Domain is not getting verified when trying to create a crawler

Hello,
We have a requirement of crawling the content on the site. The content is on Adobe Experience Manager and we plan to use the crawler for crawling this content.
I have added the Algolia code in robots.txt and the same is placed in the author instance of AEM. So the author instance does require a sign-in. But when i try to give the author instance domain (https://author-XXXXXXXX.adobeaemcloud.com/), it’s not able to verify it.
We are still in the implementation phase of the project and do not have a live site. This is blocked since Algolia does not take the author instance nor the publisher instance URL as the domain.
Can someone please let me know what am I not doing right here?

Hi @tina.oswal – Have you validated the robots.txt file accessible publicly from either instance (author or publisher). The crawler need to be able to see this file to confirm the app id.

Also you need to make sure the domain matches exactly. The crawler doesn’t support wildcard domains.

Hi @chuck.meyer ,
I tried through the browser. The author instance requires a sign-in. So when i sign-in and access robots.txt, it is getting downloaded (it does not open up directly). In crawler dashboard, when i try to verify this domain, it is giving me 401 error for author instance.
From the publisher instance, the robots.txt is not getting accessed through the browser.
We are trying to make the robots.txt accessible at the root level in AEM. But I wanted to know if there is anything else (other than adding the algolia code in robots.txt) that we need to do otherwise to ensure that the robots.txt is accessible to the crawler and we can run the crawler ?

Thanks.

Have you added the authentication information to the Crawler configuration?
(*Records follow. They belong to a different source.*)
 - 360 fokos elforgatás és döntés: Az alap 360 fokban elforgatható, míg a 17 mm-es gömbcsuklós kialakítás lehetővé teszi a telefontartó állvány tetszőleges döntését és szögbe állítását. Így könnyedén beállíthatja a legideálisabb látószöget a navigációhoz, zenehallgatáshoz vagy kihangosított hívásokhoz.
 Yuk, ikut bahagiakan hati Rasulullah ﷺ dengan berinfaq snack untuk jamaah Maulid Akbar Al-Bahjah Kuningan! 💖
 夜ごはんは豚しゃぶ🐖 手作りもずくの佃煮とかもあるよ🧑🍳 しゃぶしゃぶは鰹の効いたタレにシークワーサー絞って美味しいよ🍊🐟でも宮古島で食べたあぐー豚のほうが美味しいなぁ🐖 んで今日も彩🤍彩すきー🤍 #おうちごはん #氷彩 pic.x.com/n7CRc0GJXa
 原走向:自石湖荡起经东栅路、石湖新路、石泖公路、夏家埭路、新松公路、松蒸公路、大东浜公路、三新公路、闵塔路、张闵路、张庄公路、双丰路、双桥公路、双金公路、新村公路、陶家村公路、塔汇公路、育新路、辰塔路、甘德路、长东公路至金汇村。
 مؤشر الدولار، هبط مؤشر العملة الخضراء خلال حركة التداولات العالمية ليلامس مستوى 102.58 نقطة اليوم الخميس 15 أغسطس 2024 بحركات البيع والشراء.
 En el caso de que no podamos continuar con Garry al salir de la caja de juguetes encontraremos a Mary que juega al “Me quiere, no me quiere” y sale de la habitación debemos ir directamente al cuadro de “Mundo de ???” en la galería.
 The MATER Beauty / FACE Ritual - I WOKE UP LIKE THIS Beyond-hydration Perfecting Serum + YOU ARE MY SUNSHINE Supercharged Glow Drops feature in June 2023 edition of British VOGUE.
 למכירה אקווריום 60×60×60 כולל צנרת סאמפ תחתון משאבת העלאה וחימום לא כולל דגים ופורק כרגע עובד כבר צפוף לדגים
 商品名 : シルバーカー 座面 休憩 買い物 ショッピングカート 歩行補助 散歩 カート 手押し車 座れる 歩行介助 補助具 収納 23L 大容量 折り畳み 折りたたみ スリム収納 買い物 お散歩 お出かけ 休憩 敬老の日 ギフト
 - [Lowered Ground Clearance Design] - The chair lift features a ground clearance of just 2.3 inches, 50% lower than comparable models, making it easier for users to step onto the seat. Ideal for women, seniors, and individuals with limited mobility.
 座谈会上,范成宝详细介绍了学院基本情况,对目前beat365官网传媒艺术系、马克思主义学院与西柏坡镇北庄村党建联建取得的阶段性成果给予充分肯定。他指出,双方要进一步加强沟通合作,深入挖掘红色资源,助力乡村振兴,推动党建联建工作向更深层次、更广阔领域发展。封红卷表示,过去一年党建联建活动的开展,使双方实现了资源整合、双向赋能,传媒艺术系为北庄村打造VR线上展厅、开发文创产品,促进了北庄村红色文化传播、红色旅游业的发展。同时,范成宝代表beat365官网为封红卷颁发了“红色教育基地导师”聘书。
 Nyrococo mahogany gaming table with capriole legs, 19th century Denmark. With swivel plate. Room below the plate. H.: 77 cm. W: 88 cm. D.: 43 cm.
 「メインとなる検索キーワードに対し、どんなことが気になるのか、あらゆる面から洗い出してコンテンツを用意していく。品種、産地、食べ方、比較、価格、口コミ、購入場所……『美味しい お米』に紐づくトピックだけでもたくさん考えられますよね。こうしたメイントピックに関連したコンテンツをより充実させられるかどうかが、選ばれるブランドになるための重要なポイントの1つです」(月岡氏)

My gut feeling is maybe we don’t apply authentication when doing validation since robots.txt is typically publicly accessible at the root of a domain, but I’m trying to get validation.

I tried adding the information in crawler configuration using “login” but unfortunately, it didn’t work. Though I am not sure if the problem was with my configuration or something else since the editor just kept raising the URL issue.
Any inputs on how I can check if that authentication was happening or not?

I’m trying to find out more on my side, but from what I’ve read so far it appears do do automated verification we are expecting the robots.txt to be at the root of the domain and publicly accessible.

If that’s not possible, you should open a ticket with support do assist with a manual validation.

oh okay. Let me try then opening a ticket with Support. Thank you @chuck.meyer.